Oleh : Nur Setia Alam Prawiranegara SH M.Kn
Indonesia memiliki sumber daya yaitu Sumber Daya Alam dan Sumber Daya Manusia.
Sumber Daya Manusia salah satunya adalah “Perempuan” dimana dia adalah salah satu
makhluk manusia yang unik, menarik kemampuan dan kekuatan baik secara fisik maupun mental dalam menghadapi segala situasi. Akan tetapi bisa menjadi korban dari mahluk manusia lainnya yaitu laki-laki.
Bahkan bisa juga dari kalangan perempuan sendiri yang tidak memahami, sehingga masih dianggap sebagai pelengkap dan penderita dari sesuatu hal bernama Relasi Kuasa.
Teori Relasi Kuasa menurut Michael Foucault, seorang filsuf pelopor strukturalisme,
menunjukkan posisi kekuasaan merupakan satu dimensi dari relasi. Dimana ada relasi, di sana ada kekuasaan, dan hal tersebut ada di mana-mana.“Kehendak untuk kebenaran sama dengan kehendak untuk berkuasa”.
Pada umumnya, kekuasaan dipahami dan dibicarakan sebagai daya atau pengaruh yang dimiliki oleh seseorang atau lembaga untuk memaksakan kehendaknya kepada pihak lain.
Contohnya bisa terjadi baik dari lawan jenisnya yaitu laki-laki, agama, budaya, sosial, dan ekonomi, maka semua akan bermuara pada hukum dan hak asasi manusia.
Hukum sebagai suatu sistem yang didalamnya terdapat norma dan sanksi dengan tujuan mengendalikan perilaku manusia.
Fungsinya adalah menjaga ketertiban keadilan dan kepastian hukum yang mengatur dalam pergerakan hidup dalam masyarakat, sebagaimana yang dimaksud dengan Teori Hukum Pembangunan Mochtar Kusumaatmadja sebagai suatu sistem yang diperlukan bangsa Indonesia sebagai Negara berkembang, “Hukum merupakan suatu alat untuk memelihara ketertiban dalam masyarakat pada dasarnya adalah konservatif artinya, hukum bersifat memelihara dan mempertahankan yang telah tercapai.”
Oleh karena itu, untuk tercipta “keadilan” Hukum harus beriringan dengan Hak Asasi Manusia.

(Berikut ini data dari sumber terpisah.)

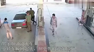 美国司机加油时汽车突然着火,下一步的处理方式太牛了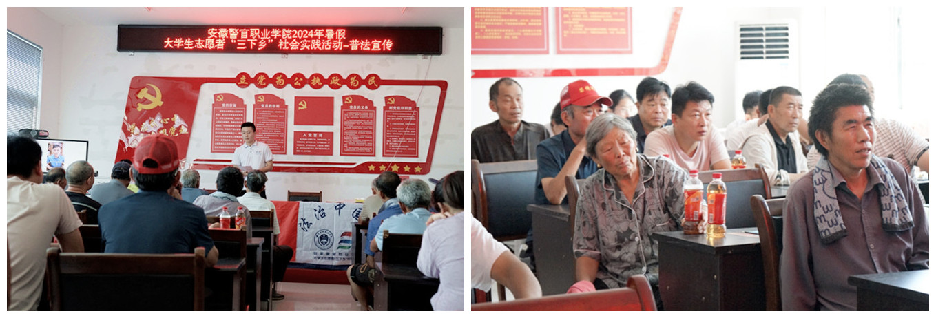 7月30日,正逢臨泉縣老集鎮的趕集日,普法宣傳團的隊員們在集市上搭建普法宣傳展臺,以專業知識為基礎,向廣大村民派發普法宣傳冊,圍繞與村民利益密切相關的領域開展法治宣傳,增強村民辦事依法、遇事找法、解決問題用法、化解矛盾靠法的思想自覺和行動自覺。接下來2天里,普法宣傳團的隊員們還深入前于莊村、南牛村、李湖村等地開展3場普法講座,通過案例分析、圖片演示、視頻播放等多種方式,用通俗易懂的語言向當地的老人、小孩講解法律相關知識及咨詢途徑,切實提高村民法律意識。

Makna dari kata “Hak” dalam hal ini berarti sebagai kepunyaan atau kekuasaan atas sesuatu. Sedangkan“Asasi” adalah sesuatu hal yang utama dan mendasar.
Hak Asasi Manusia mempunyai makna hak-hak dasar manusia yang dimiliki sejak berada dalam kandungan dan setelah lahir ke dunia yang berlaku secara universal dan diakui oleh semua orang.
Oleh karena itu bisa diilustrasikan bahwa Perempuan yang membutuhkan rasa keadilan berprespektif gender melalui tegaknya Hukum dan HAM selayaknya “sepasang sepatu” yang satu sama lain saling mengisi dan melengkapi.
Problematika perempuan untuk memperoleh keadilan dari segi hukum dan HAM tidak hanya untuk mereduksi permasalahan terhadap perempuan yang begitu luas dan global, bahkan sampai dengan adanya Cyber Crime, dengan berbagai kejahatan yang unik dan selalu baru dimana ujungnya mengenai kekerasan seksual dengan segala macam bentuk.
Misalnya, pelecehan seksual, eksploitasi seksual, pemaksaan kontrasepsi, pemaksaan aborsi, perkosaan, pemaksaan perkawinan, pemaksaan pelacuran, perbudakan seksual, dan penyiksaan seksual.
Penanganan ini tentu membutuhkan lembaga-lembaga yang peduli, dalam hal penangan segala bentuk kekerasan terhadap perempuan sebagai PENGGERAK AKTIF/UJUNG TOMBAK.
Suka tidak suka, selama ini masih terjadinya kekerasan berbasis gender dan segala bentuk penyerangan, eksploitasi seksual yang menimbulkan akibat atau mungkin berakibat penderitaan terhadap perempuan secara fisik, seksual dan psikologis yang terjadi pada kehidupan pribadi maupun kehidupan di depan umum.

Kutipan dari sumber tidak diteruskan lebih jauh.